::: Record set :::

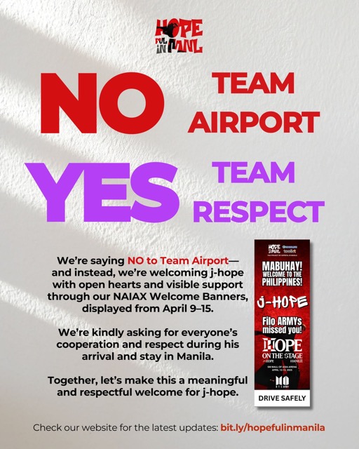 Amidst this rumor, many fans, especially local ARMYs, quickly spoke up to defend their idol. PH-ARMYs noted that they have organized a project calling on fans to stop coming to the airport when j-hope lands in Manila to show respect and bring a sense of safety to him since early April, called "NO TO TEAM AIRPORT".
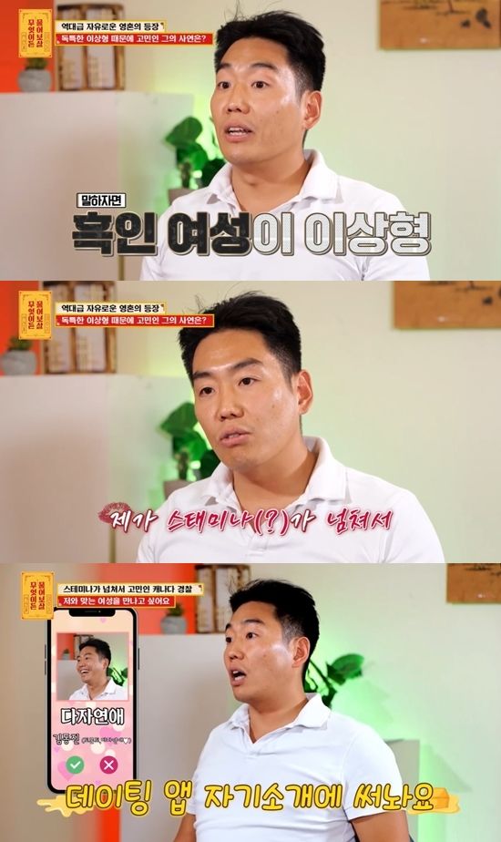현재 캐나다에서 경찰로 근무 중이라고 밝힌 사연자는 집과 차, 가족, 직업 모두 완벽한데 이상형이 독특해 조언을 얻고자 왔다고 밝혔다. 그가 밝힌 이상형은 피부 톤이 어두운 흑인 여성. 외국 배우 조 샐다나가 이상형이라고.
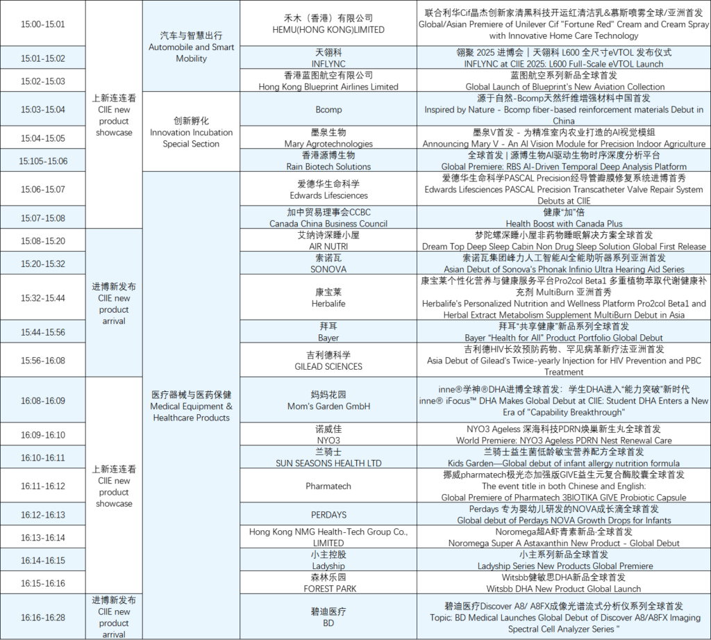 本届“进博新品汇”共安排79场“进博新发布”和58场“上新连连看”。137家展商将在发布会上展示200余项产品,其中85家世界500强及龙头企业参与本届发布活动,涵盖医疗器械及医药保健、汽车及智慧出行、技术装备、消费品、农食产品、服务贸易展区以及创新孵化专区。欢迎关注!届时扫描下图二维码,即可观看于央视新闻客户端或进博会官方抖音账号进行的直播。
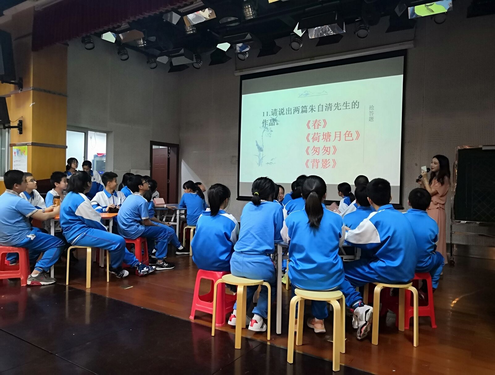 本网讯 2019年4月2日下午4点30分,广外附中初一年级在校礼堂举办了读书节文学知识争霸赛,初一全体师生参与了此次活动。
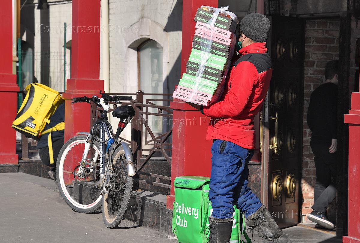Жанровая фотография. Курьер службы доставки еды Delivery Club ("Деливери Клаб") несет коробки с пиццей на улице.
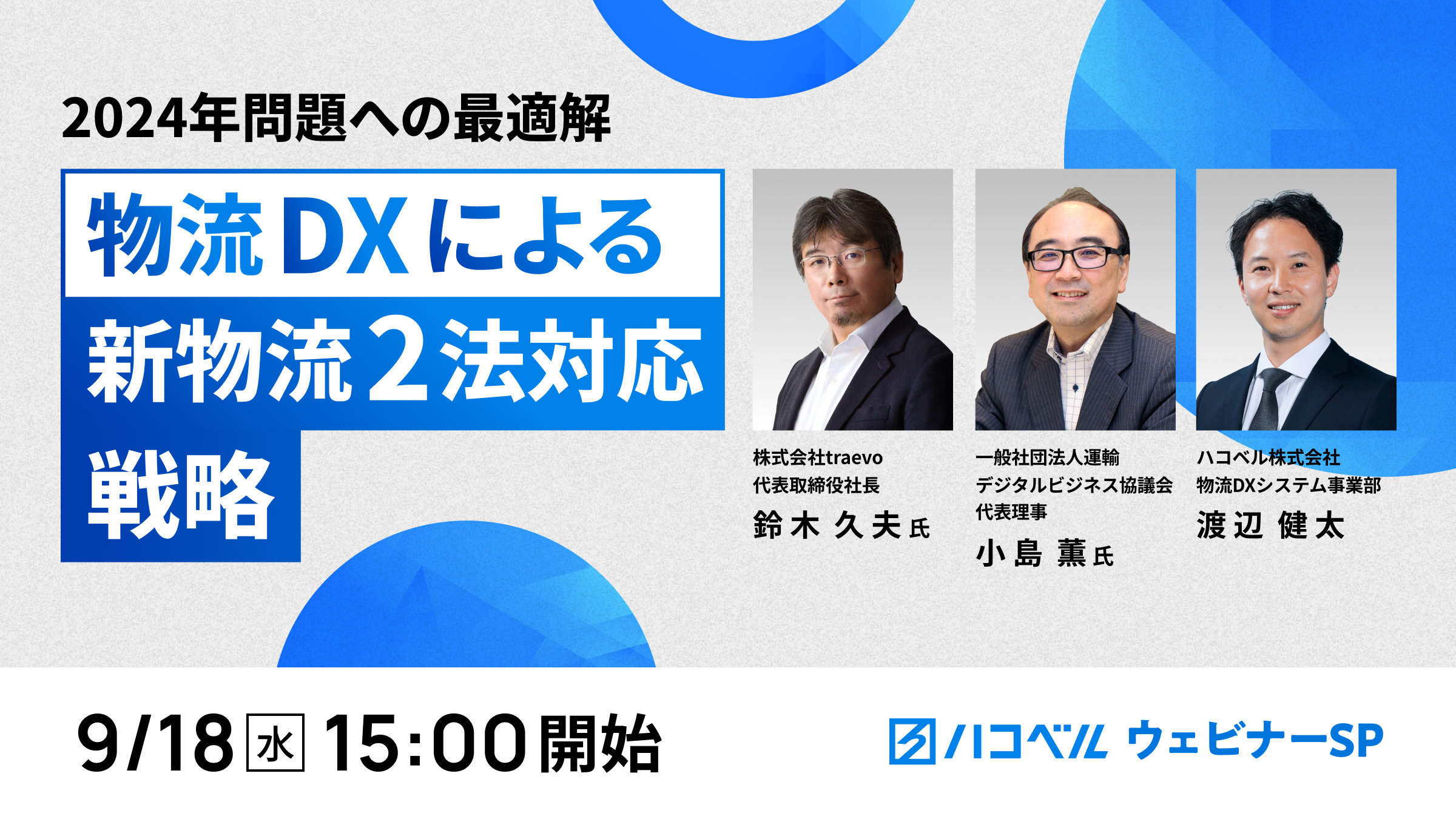 【2024年9月18日(水)ハコベルウェビナー開催】2024年問題への最適解:物流DXによる新物流2法対応戦略

:::

What to work on: Where the line holding "本网讯 2019年4月2日下" appears, start copying, and continue exactly through the last line of the listing, both ends included, skipping the pictures.

Result of the exercise:
 本网讯 2019年4月2日下午4点30分,广外附中初一年级在校礼堂举办了读书节文学知识争霸赛,初一全体师生参与了此次活动。
Жанровая фотография. Курьер службы доставки еды Delivery Club ("Деливери Клаб") несет коробки с пиццей на улице.
 【2024年9月18日(水)ハコベルウェビナー開催】2024年問題への最適解:物流DXによる新物流2法対応戦略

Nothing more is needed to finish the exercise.